CalPERS owns 8.4 million shares of Exxon, but that amounts to just 0.2 percent ownership. Toppling the company’s board would require support from large investors including other pension funds and asset managers such as BlackRock.
But the “no vote” campaign is significant regardless of the outcome, some say, because it signals that prominent investors are concerned about whether Exxon is willing to engage with its own shareholders on issues including climate change.
“The company seems more preoccupied with harming shareholders than addressing the really important issues of risk that are being brought up by shareholders in these proposals,” said Danielle Fugere, president of prominent shareholder advocacy organization As You Sow.
“That, at bottom, is the problem,” Fugere added. “The company would rather fight their shareholders than address these important issues.”

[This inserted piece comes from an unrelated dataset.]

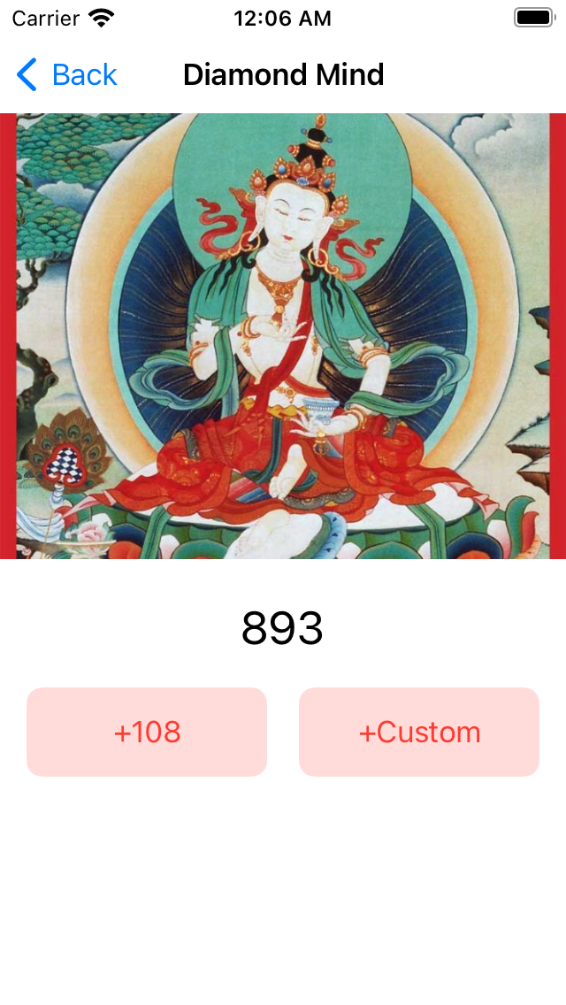 In order for the application to be usable, the application must allow the user to input arbitrary numbers of repetitions. Usually, the repetitions are counted with a mala, or prayer beads. A Buddhist mala has 108 beads, but a practitioner may also choose to count a full round as 100, or they may have done an irregular amount of repetitions during their session (e. g. 50 or 225). The application that my design and functionality is based on is iMala — Meditation Tracker. For some reason, the version I use every day has been removed from the App Store and replaced with a new one. In the app that I use, the practice view looks like this:

“Exxon has left responsible shareholders no other choice than to vote against management,” Follow This spokesperson Karel Kuipéri said in an email Monday. “Investors like CalPERS using their votes in an unprecedented way shows that Exxon’s lawsuit Is not against us, but against shareholder democracy at large.”
Exxon said in a statement after the CalPERS decision that up to 90 percent of its voting shareholders have rejected similar shareholder proposals in recent years and that it’s “unclear” why CalPERS is defending “the abuse of a shareholder process” by activist investors.
“We’ve engaged with CalPERS on this matter and do not understand how they can make such a poor fiduciary decision to vote against a board that has overseen the creation of industry-leading shareholder value,” said Exxon spokesperson Emily Mir.
Although CalPERS’ voting power at Exxon is limited, the oil company has long been concerned about the fund’s ability to influence sustainable investment debates, according to corporate records labeled as “confidential.”
In a briefing document for a September 2019 oil conference, Exxon’s public and government affairs team urged Woods, the CEO, to prioritize “engagement” with Anne Simpson, who was then CalPERS’ investment director. The document, obtained by congressional investigators via a subpoena, noted that Exxon officials had met five times with CalPERS since the previous December in part to push back on what it called “Simpson’s extreme views and focus around climate.”
Simpson, who left CalPERS in 2022 to become the global head of sustainability for the asset management firm Franklin Templeton, did not respond to a request for comment.
Exxon continues to pursue its lawsuit against Arjuna Capital and Follow This even though the groups dropped their proposed resolution calling for the company to speed up reduction of greenhouse gas emissions and promised not to submit it again.
The company said it is continuing the federal lawsuit because it believes the “underlying issue remains and must be resolved.” Exxon’s lawsuit is supported in court by the U.S. Chamber of Commerce and the Business Roundtable.
Though the lawsuit was filed in the U.S. District Court for the Northern District of Texas, a venue seen as friendly to the oil industry, Judge Mark Pittman, an appointee of President Donald Trump, told Exxon after the groups withdrew their proposal that he “struggles to see what the ongoing case or controversy is in this matter.”